Attribution 4.0 (CC BY 4.0)https://creativecommons.org/licenses/by/4.0/
License information was derived automatically

Description

A decrease in the almost fifty percent mortality rate from oral cancer is needed urgently. Improvements in early diagnosis and more effective preventive treatments could affect such a decrease. Towards this end, we undertook for the first time an in-depth mass spectrometry-based quantitative shotgun proteomics study of non-invasively collected oral brush biopsies. Proteins isolated from brush biopsies from healthy normal tissue, oral premalignant lesion tissue (OPMLs), oral squamous cell carcinoma (OSCC) and matched control tissue were compared.

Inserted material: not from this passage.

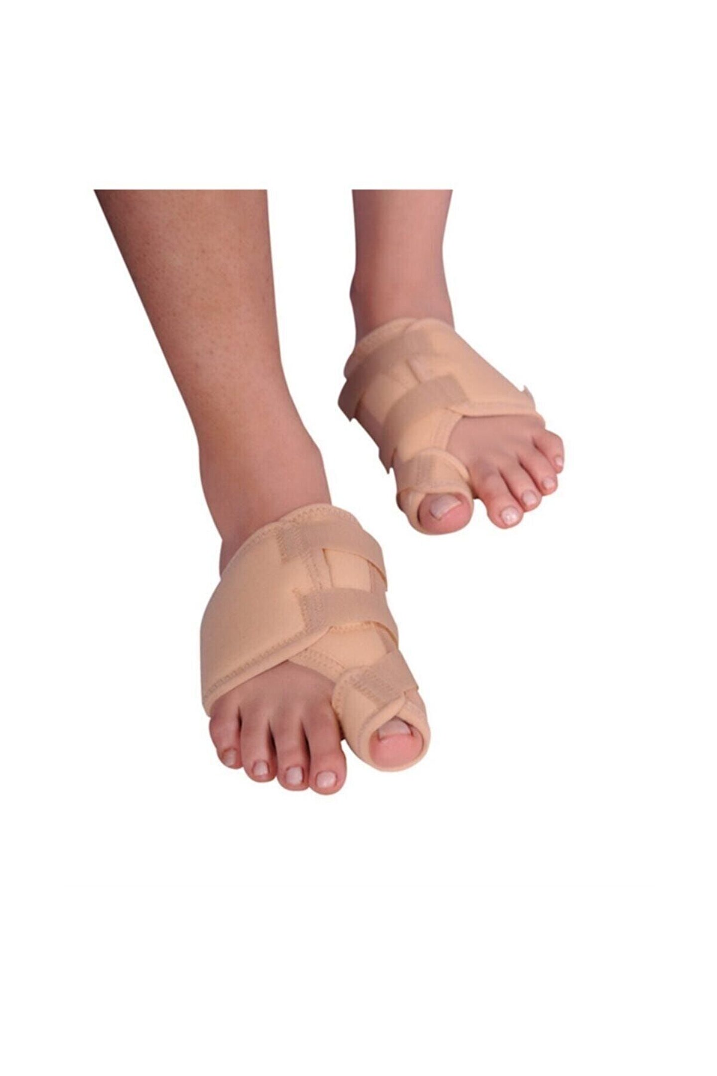 HALLUKS VALGUS PROBLEMİNDE; AYAK BAŞ PARMAĞINI DIŞA BÜKÜK TUTMAK İÇİN VE AMELİYAT SONRASI TEDAVİ SÜRECİNDE KULLANILIR. STANDART BOYDUR. UYKU BUNYONU YUMUŞAK SÜNGERLİ BİR DESTEK İLE BAŞPARMAĞI SABİTLER BANT SAYESİNDE PARMAĞI NORMAL POZİSYONA DOĞRU İTEREK DÜZELMESİNE YARDIMCI OLUR. YÜRÜME ESNASINDA GECE BUNYONUNU KULLANMAYINIZ. GECE UYKU ESNASINDA KULLANILIR. GECE UYKU BUNYONU GÜN BOYU YAŞADIĞINIZ AĞRILARIN AZALMASINA YARDIMCI OLUR VE DİNLENMESİNE OLANAK SAĞLAR. AYNI ZAMANDA BİR SONRAKİ GÜN İÇİN AYAK BAŞ PARMAKLARINIZI HAZIRLAMAYA YARDIMCI OLUR. ERTESİ GÜN İÇİN BAŞ PARMAKLARINIZI HAFİFÇE GERDİREREK HİZALAMAYA YARDIMCI OLUR. RAHAT GÜVENLİ VE SON DERECE KULLANIŞLI BİR GECE ATELİDİR DÜNYA ÇAPINDA ORTOPEDİK ZAMANLA OLUŞACAK KİRLENME DURUMUNDA SÜNGERLER YIKANABİLİR YADA NEMLİ BEZLE SİLİNEBİLİNİR, PLASTİK KISIMLAR AYNI ŞEKİLDE SİLİNİR VE TEMİZLENEBİLİR. HER GÜN OLUŞAN AĞRILARINIZIN AZALMASINA YARDIMCI OLUR. KULLANIMI ÖN BAŞ PARMAĞININ İÇ KISMINA GELECEK ŞEKİLDE SÜNGERİ PLASTİK İLE PARMAK ARASINA KOYDUKTAN SONRA UYGULAYINIZ. AYAK BAŞ PARMAĞINDA HANGİ AYAĞA TAKILACAK OLMASI İÇİN PLASTİK KISIMLARDAKİ R ( SAĞ ) VE L ( SOL ) YAZILARINA UYGUN OLARAK YERLEŞTİRME YAPIN. CIRT ARACILIĞI İLE GERDİRME İŞLEMİNİ YAPARAK KAYIŞ KISMINI GERİN VE SIKI BİR ŞEKİLDE DİĞER KISMA YAPIŞTIRIN. KAYIŞIN SIKILMA ESNASINDA DİKKAT EDİLMESİ GEREKEN HUSUS, BAŞ PARMAĞIN BASKI SONUCU GERİLMESİNE DİKKAT EDİNİZ VE PARMAGI GERİLİ ŞEKİLDE HİZALAYIN CIRTI TAKINIZ

In replicated proteomic datasets, the secretory leukocyte protease inhibitor (SLPI) protein stood out based on its decrease in abundance in both OPML and OSCC lesion tissues compared to healthy normal tissue. Western blotting in additional brushed biopsy samples confirmed a trend of gradual decreasing SLPI abundance between healthy normal and OPML tissue, with a larger decrease in OSCC lesion tissue. A similar SLPI decrease was observed in-vitro comparing model OPML and OSCC cell lines. In addition, exfoliated oral cells in patients’ whole saliva showed a loss of SLPI correlated with oral cancer progression. These results, combined with proteomics data indicating a decrease in SLPI in matched healthy control tissue from OSCC patients compared to tissue from healthy normal tissue, suggested a systemic decrease of SLPI in oral cells correlated with oral cancer development. Finally, in-vitro experiments showed that treatment with SLPI significantly decreased NF-kB activity in an OPML cell line. The findings indicate anti-inflammatory activity in OPML, supporting a mechanistic role of SLPI in OSCC progression and suggesting its potential for preventative treatment of at-risk oral lesions. Collectively, our results show for the first time the potential for SLPI as a mechanism-based, non-invasive biomarker of oral cancer progression with potential in preventive treatment.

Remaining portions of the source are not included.